MADRID — More than 1,000 migrants from sub-Saharan countries arrived in Spain’s Canary Islands in 18 boats over the past three days, Spain’s marine rescue service said Monday. A body was found in one of the boats.
The archipelago off northwest Africa has seen a surge in migrant arrivals in recent weeks as more people from West Africa attempt the dangerous journey. Officials say 7,270 migrants arrived in January, about as many as in the first six months of 2023.
Most of the boats depart from Mauritania. Spanish Prime Minister Pedro Sánchez and European Commission President Ursula von der Leyen will visit the West African country on Thursday to encourage authorities to try to curtail the departures.

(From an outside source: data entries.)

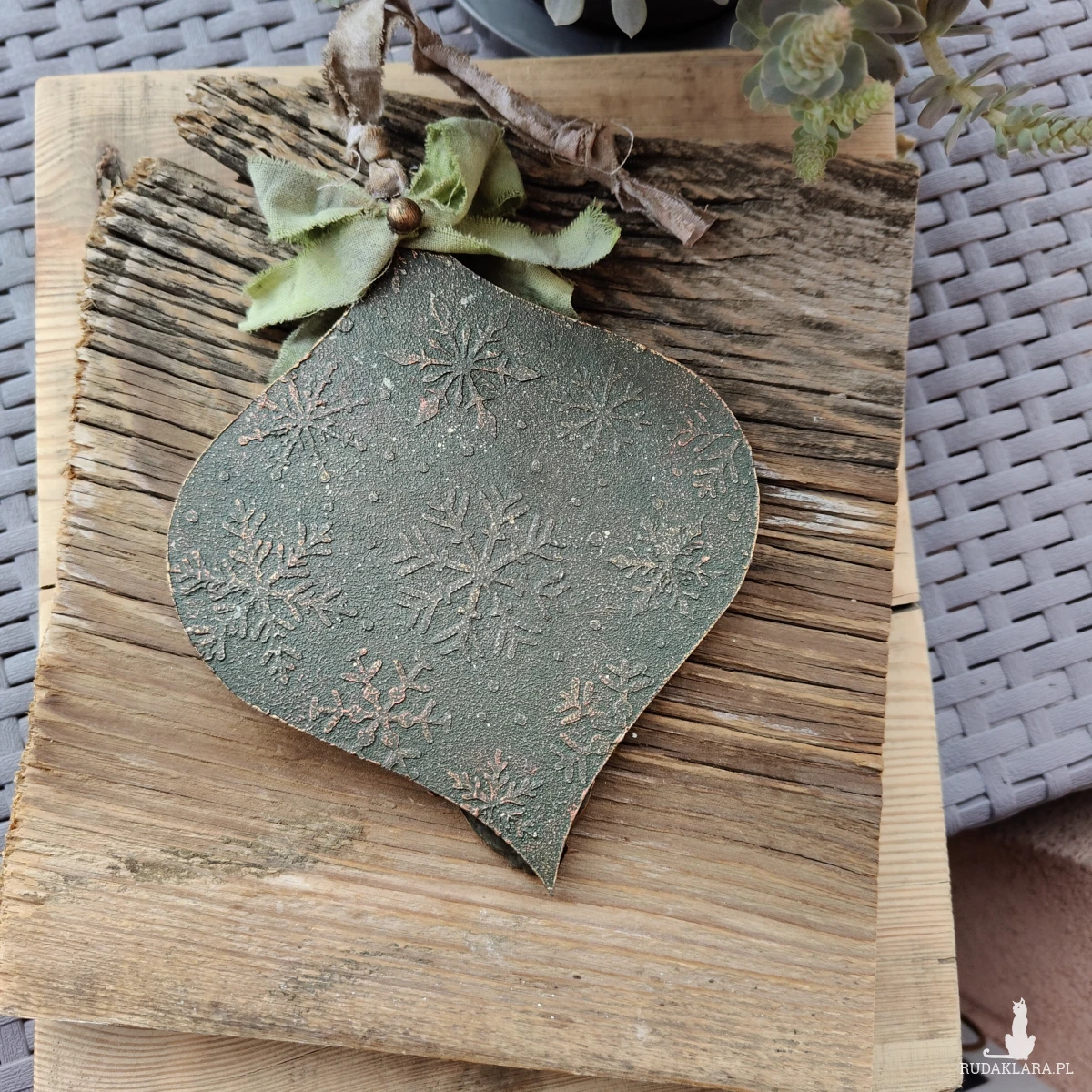 - Ozdobiona zieloną kokardą i materiałową tasiemką do zawieszenia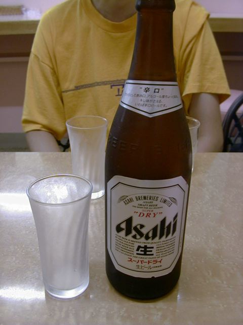 - 生ビール(夏季限定)が今日はないということだったので、瓶ビールにしました。2本頼んだのだけど、ぬるくなるからということで気を使って1本ずつ持ってきてくれました。ただ、僕はビールはグビグビ飲みたいので一口サイズのコップはちょっと残念。(め)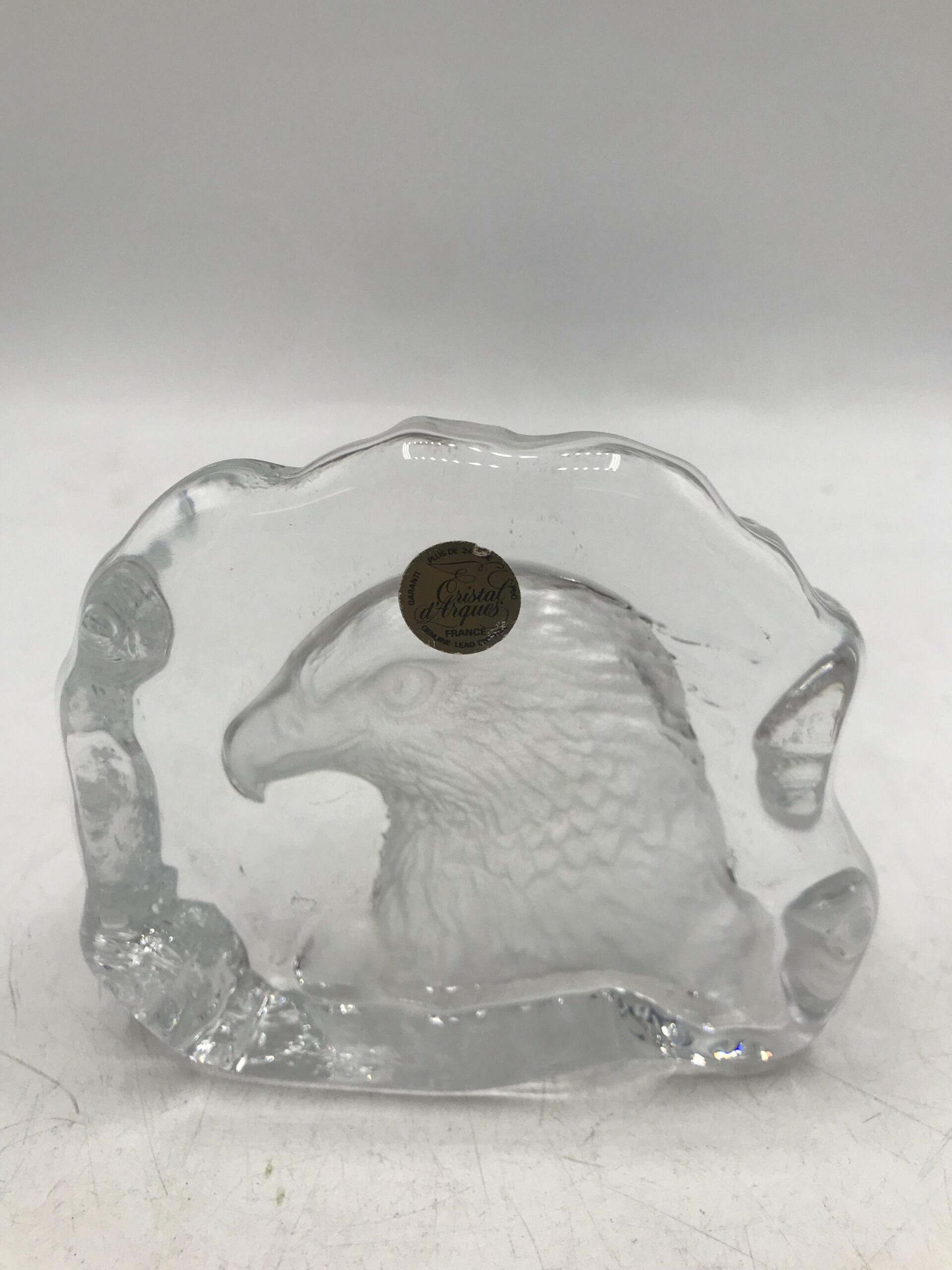 Duo de Cristal d’Arques. Amateurs de bibelots et décorations en Cristal vous allez craquer. Voici donc un duo explosif, il est composé d’un premier bloc ou à été sculpté une fleur, avec un aspect lisse celui ci inspire à la poésie et à la tranquillité. Le deuxième bloc lui et plus représenté par un fort caractère, représentant une tête d’aigle il a des aspérités plus irrégulières. Un duo qui marche à merveille ensemble d’un coté le doux et de l’autre la force. Des œuvres signées Cristal d’Arques. Elles sont en très bon état, prêtent à trôner sur vos meubles. Pour apporter une touche de pureté dans votre intérieur. Des pièces iconiques qui trouveront vite leur place. Fans de cristal vous allez être sous leur charme.

Spain and the European Union have cooperation agreements with both Mauritania and neighboring Senegal to try to reduce the number of migrants arriving on the islands. But some young people insist on taking their chances and say there are few opportunities and sometimes political turmoil at home.

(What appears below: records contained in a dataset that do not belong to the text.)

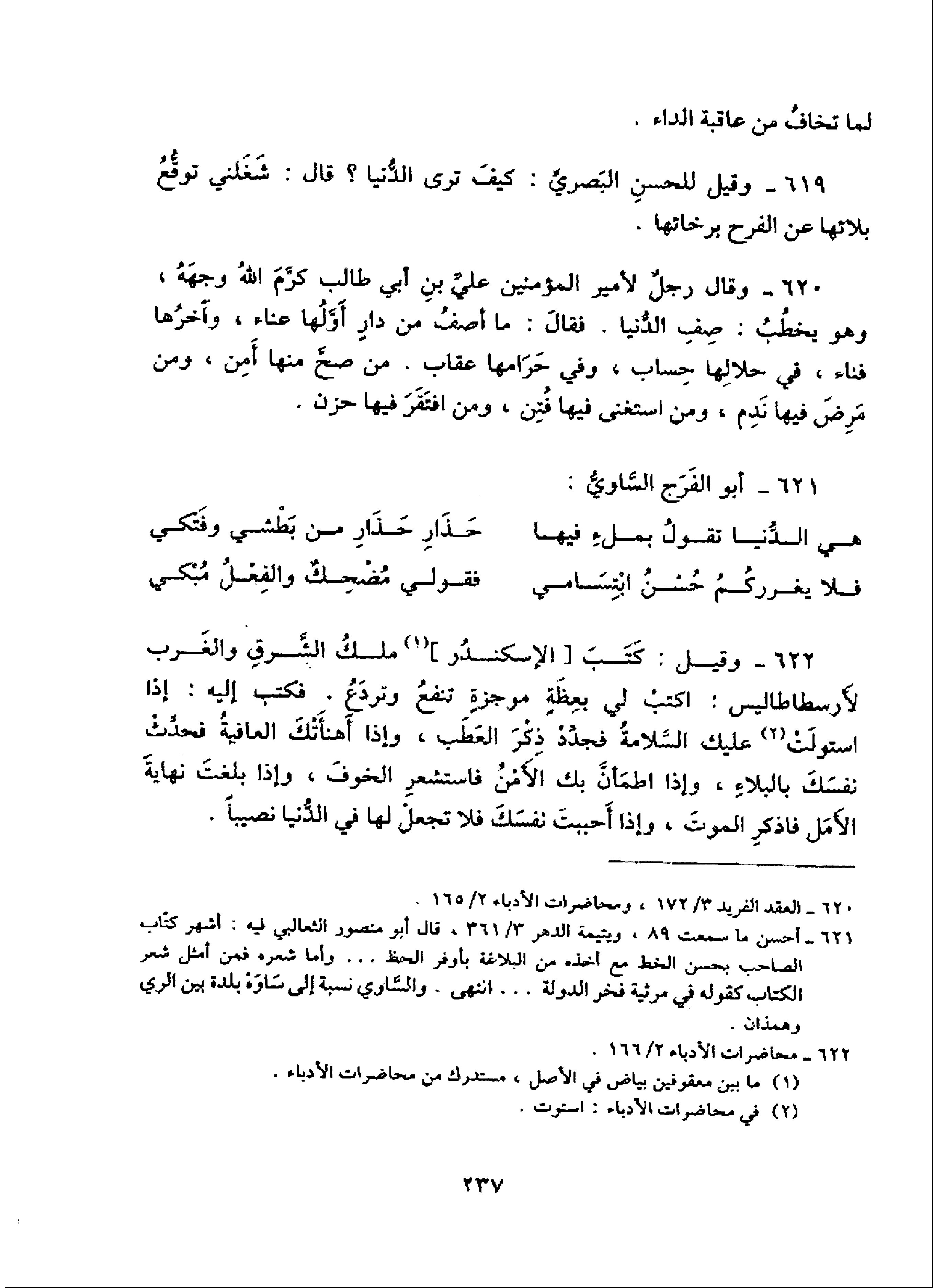 620 - العقد الفريد 3/ 172، ومحاضرات الأدباء 2/ 165.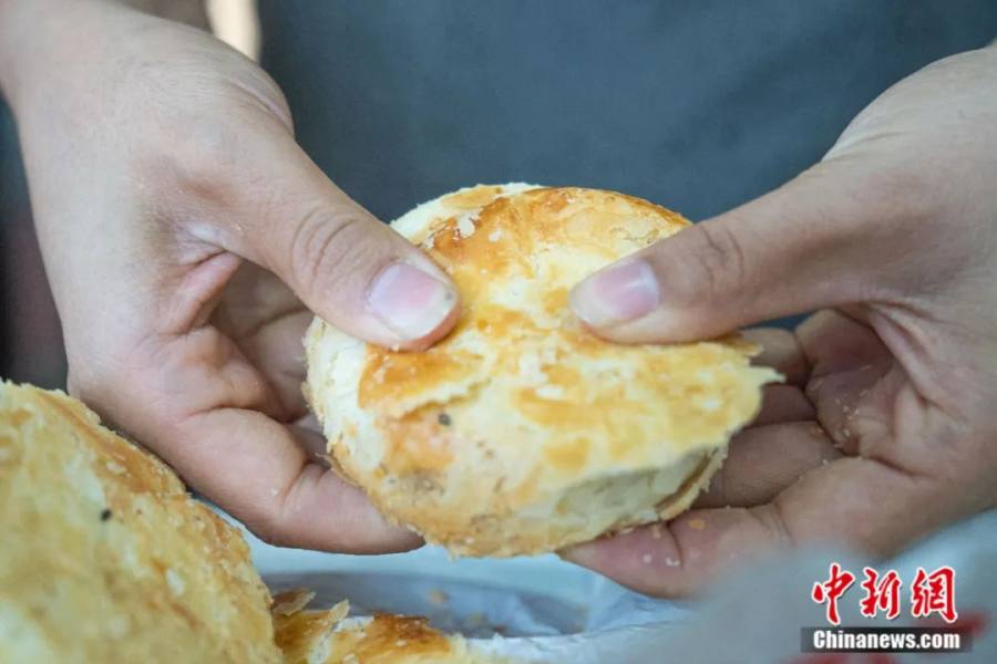 从外地开车专程赶来的刘先生一次性购买了50包月饼,他笑着说:“大家说这是河北的‘月饼天花板’。买的这些月饼不光是咱自己吃,还有送给家人和朋友的,这是‘网红月饼’,送人也拿得出手。”
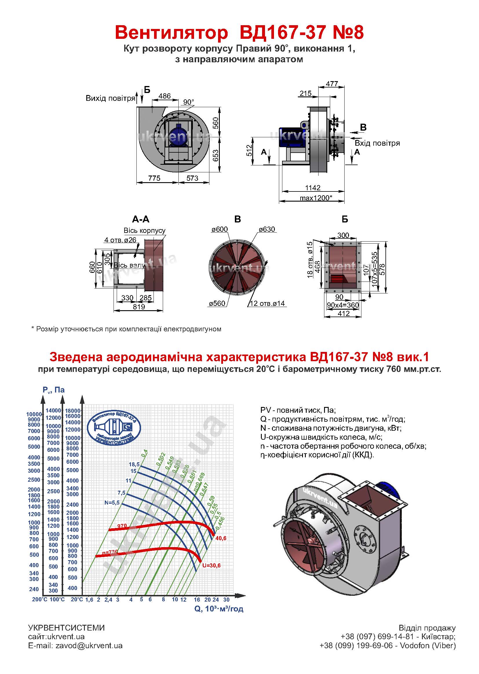 Загальні відомості про вентилятор ВД167-37-8 (ВД167-378, ВД167-37№8, ВД167-37 8,димосос ВД167-37-8 ) з двигуном 5,5 кВт 750 об/хв: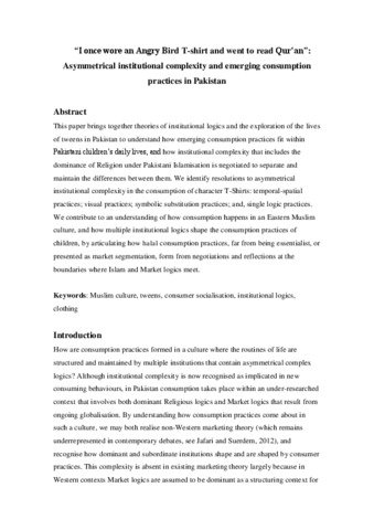Husain, S., Molesworth, M. and Grigore, G. (2019) 'I once wore an angry bird t-shirt and went to read Qur’an': asymmetrical institutional complexity and emerging consumption practices in Pakistan. Marketing Theory, 19 (3). pp. 367-390. ISSN 1741-301X doi: 10.1177/1470593118821717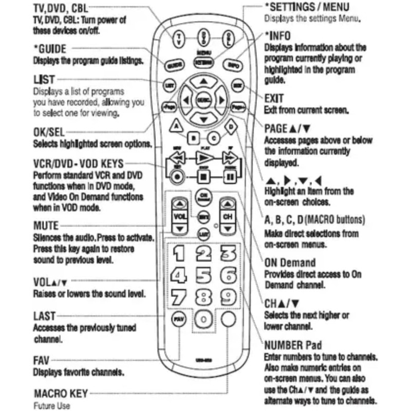 - The UR3-SR3 does include a LIST button to access recorded programs. The UR3-SR3 series features a custom programmable Macro buttons can be used to store favorite channels. Channel and Volume Lock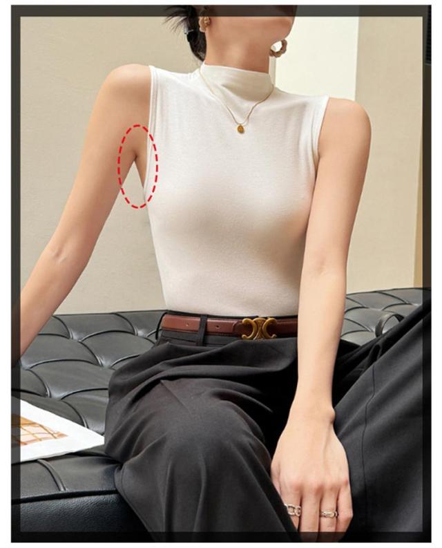| 首が隠れるインナーとして、一枚着として オールシーズン使えまるタートルネックインナー。 薄手なので重ね着しても着ぶくれせず、春夏は紫外線対策や冷房対策、秋冬は首元の防寒対策にピッタリ。 嬉しいuvカット加工で、首の日焼け、胸元が見えない、首の老化対策にナチュラルデザインでおしゃれに首を隠してくれ、真夏の暑い日など薄着で過ごしたい時には一枚でも着れる、シンプルかつオールシーズン使える無地ボトルネックノースリーブ。 | |

Spain’s interior ministry says a record 55,618 migrants arrived by boat — most of them in the Canary Islands — last year, almost double the number of the previous year.
The Spanish non-profit organization Caminando Fronteras (Walking Borders) says more than 6,600 migrants died while trying to reach Spain by boat last year, most of them on the Atlantic route. The figure is more than double the number reported by the organization for 2022.
Caminando Fronteras says it compiles its own figures from families of migrants and rescue statistics.